В общем, толком так ни в чем и не разобравшись, оделся, почему-то по всей форме, едва ли не полные доспехи зашнуровал. Правда, все-таки удержался, остановился только на кирасе и двух щитках на предплечьях. Хорош он будет, если все ему только привиделось, а на самом-то деле ничего особенного не происходит… Но обоймы он взял все, что были в доме, – два подсумка, и даже две гранаты добавил. Любане, поколебавшись, оставил свой знаменитый на весь город наган.
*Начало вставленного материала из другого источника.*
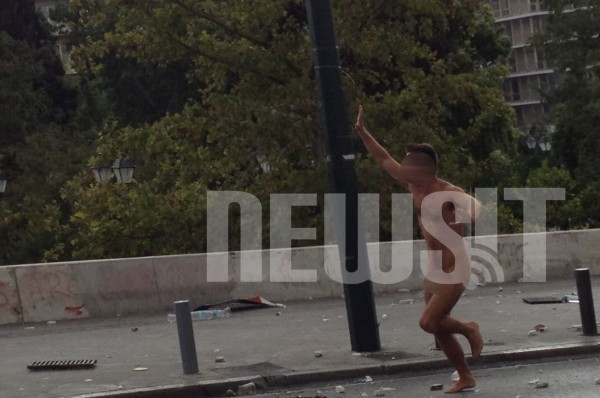 Εκεί που βρισκόταν σε εξέλιξη ο… πετροπόλεμος διαδηλωτών-ΜΑΤ, ένας νεαρός άνδρας, ένας ξένος διαδηλωτής, άρχισε να τρέχει γυμνός στη Βασιλέως Γεωργίου, ανάμεσα σε άνδρες των ΜΑΤ και να χαιρετά τα πλήθη.
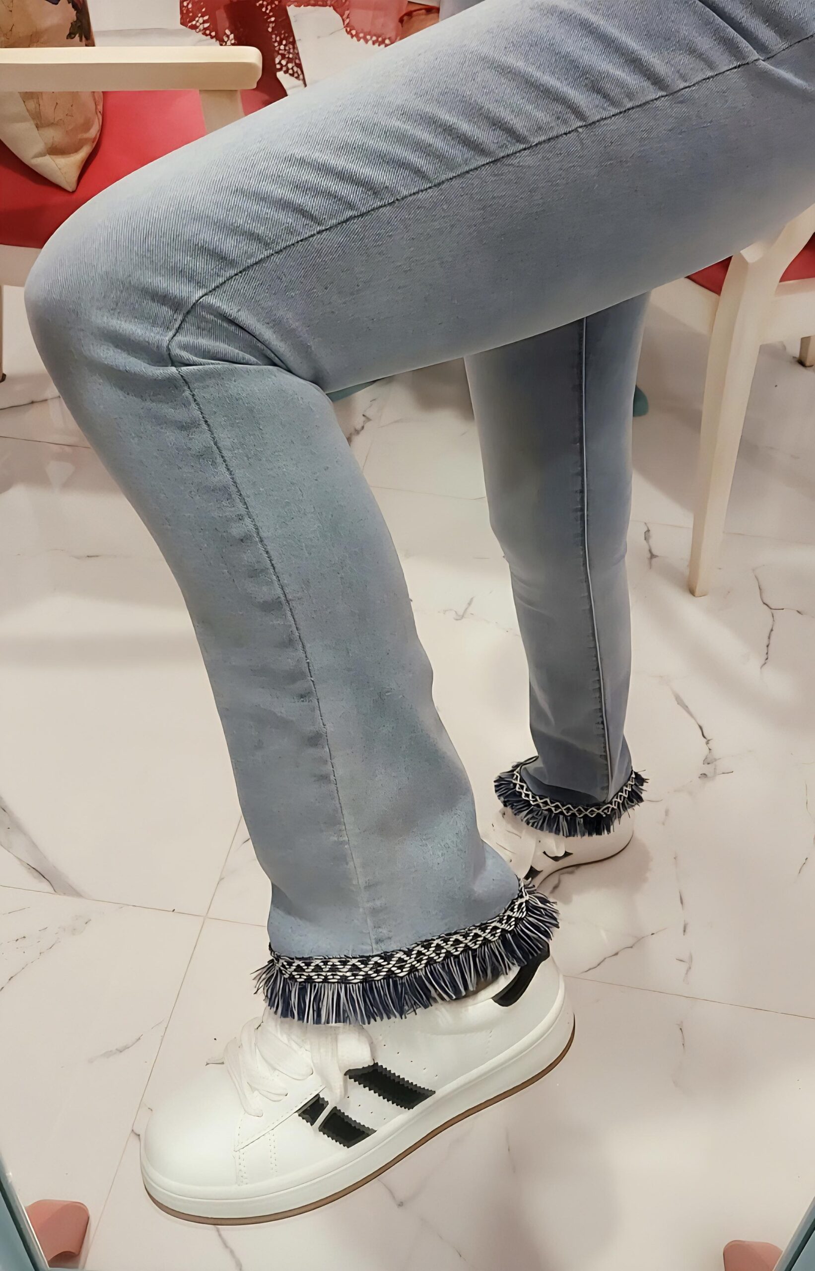 Detalle de pasamanería desflecada en el bajo.
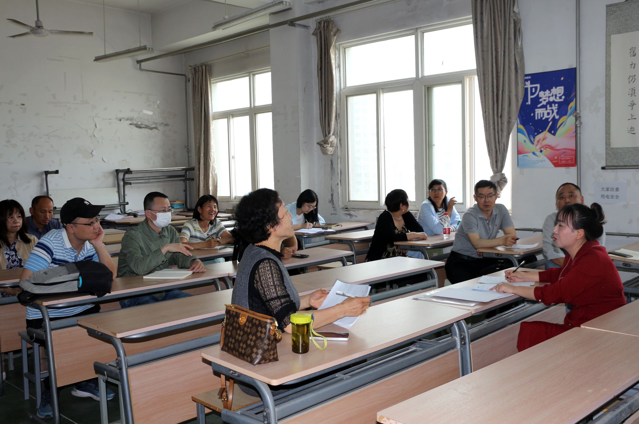 领导班子成员、各系主任、教师代表等参加,检查组副组长郭永春主持。
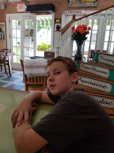 Für den heutigen Tag hatten wir eine lange Strecke zu fahren. Wir mussten mit knapp 4 Stunden rechnen. Am Morgen ging es frühzeitig los. Da wir unterwegs Picknicken wollten, hielten wir bei der Abfahrt noch kurz bei Walmart und kauften die benötigten Lebensmittel. Da Lucien schon lange auf der Suche nach den Stickbot Pets war und die bisherige Suche erfolglos verlaufen ist, haben wir kurz bei den Spielwaren vorbeigeschaut. Dort wurden wir tatsächlich fündig und konnten die lang ersehnten Stickbots kaufen. Bevor wir in den Walmart gingen, habe ich zu Lucien gesagt, er solle doch die Sonnenbrille im Auto lassen, sonst bleibt sie irgendwo liegen. Er wollte nicht…
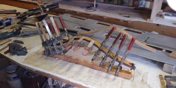 We needed two laminated curved wood pieces (one for the stern to support the rudder post and fittings and the other to stiffen the mid-ship bulkhead which supports the main mast). We made these from 5 thin (1/8”) slats epoxied in layers (with two carbon fibre layers) and clamped on a curved form. The curve mimics the curve of the fore deck and is derived from a mathematical curve called the “bell” curve or normal distribution – a shape that my mathematical self finds highly pleasing.
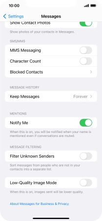 Press the indicator next to "MMS Messaging" to turn on the function.

Она толком так и не научилась из него стрелять, жаль было патроны тратить на это обучение, но в случае необходимости – Рост был уверен – пустит его в дело не раздумывая.

Потом поцеловал жену. И должно быть, именно этот поцелуй заставил ее наконец осознать, что нечто с этим миром действительно не в порядке. К счастью, маме этого пояснять не пришлось, она все увидела, покачала головой, но расспрашивать не стала, а просто убежала на работу, там она сама все узнает, и даже вернее, чем Рост.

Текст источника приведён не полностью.